Metrics interact with these two uses of MPRs differently, as described in the following two sections. This leads to the requirement for two separate sets of MPRs for these two uses when using metrics. The relationship between these two sets of MPRs is considered in Section 6.3.
度量与MPR的这两种使用之间的交互方式不同,如下两节所述。这导致在使用度量时,这两种用途需要两套独立的MPR。
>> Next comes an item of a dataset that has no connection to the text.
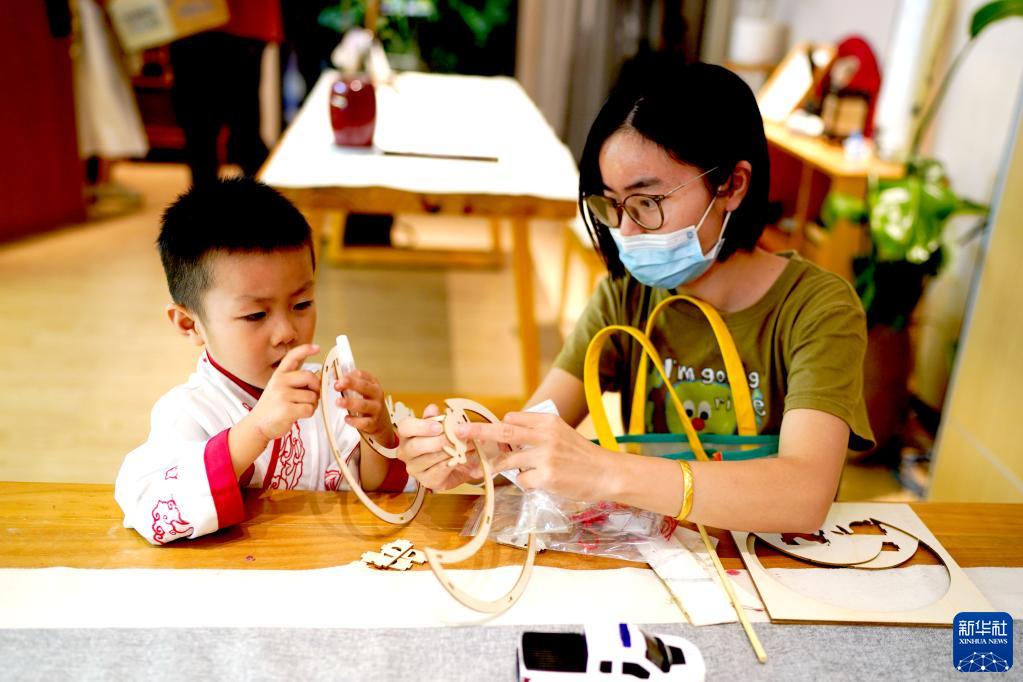 9月8日,家長(cháng)帶著(zhù)孩子體驗制作花燈。

第6.3节考虑了这两组MPR之间的关系。
The essential detail of the "flooding MPR" selection specification is that a router must select a set of MPRs such that a message transmitted by a router and retransmitted by all its flooding MPRs will reach all of the selecting router's symmetric 2-hop neighbors.
“泛洪MPR”选择规范的基本细节是,路由器必须选择一组MPR,以便由路由器传输并由其所有泛洪MPR重新传输的消息将到达选择路由器的所有对称2跳邻居。
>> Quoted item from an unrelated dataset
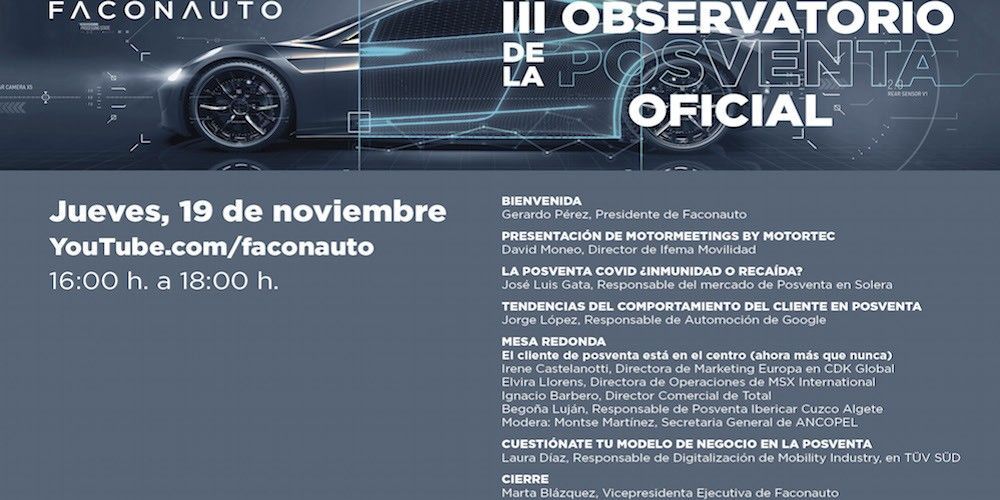 Apenas faltan unos días para que dé comienzo el III Observatorio de la Posventa Oficial de Faconauto, que se retransmitirá en directo e incluirá una mesa redonda con expertos de primer nivel que debatirán sobre el cliente de posventa.

Flooding MPR selection can ignore metrics and produce a solution that meets the required specification. However, that does not mean that metrics cannot be usefully considered in selecting flooding MPRs. Consider the network in Figure 2, where numbers are metrics of links in the direction away from router A, towards router D.
泛洪MPR选择可以忽略指标并生成满足所需规范的解决方案。然而,这并不意味着在选择泛洪MPR时不能有效地考虑指标。考虑图2中的网络,其中数字是远离路由器A的方向的链路度量,指向路由器D。
3 A ----- B | | 1 | | 1 | | C ----- D 4
3 A ----- B | | 1 | | 1 | | C ----- D 4
Figure 2
图2
Which is the better flooding MPR selection by router A: B or C? If the metric represents probability of message loss, then clearly choosing B maximizes the probability of a message sent by A reaching D. This is despite C having a lower metric in its connection to A than B does. (Similar arguments about a preference for B can be made if, for example, the metric represents data rate or delay rather than probability of loss.)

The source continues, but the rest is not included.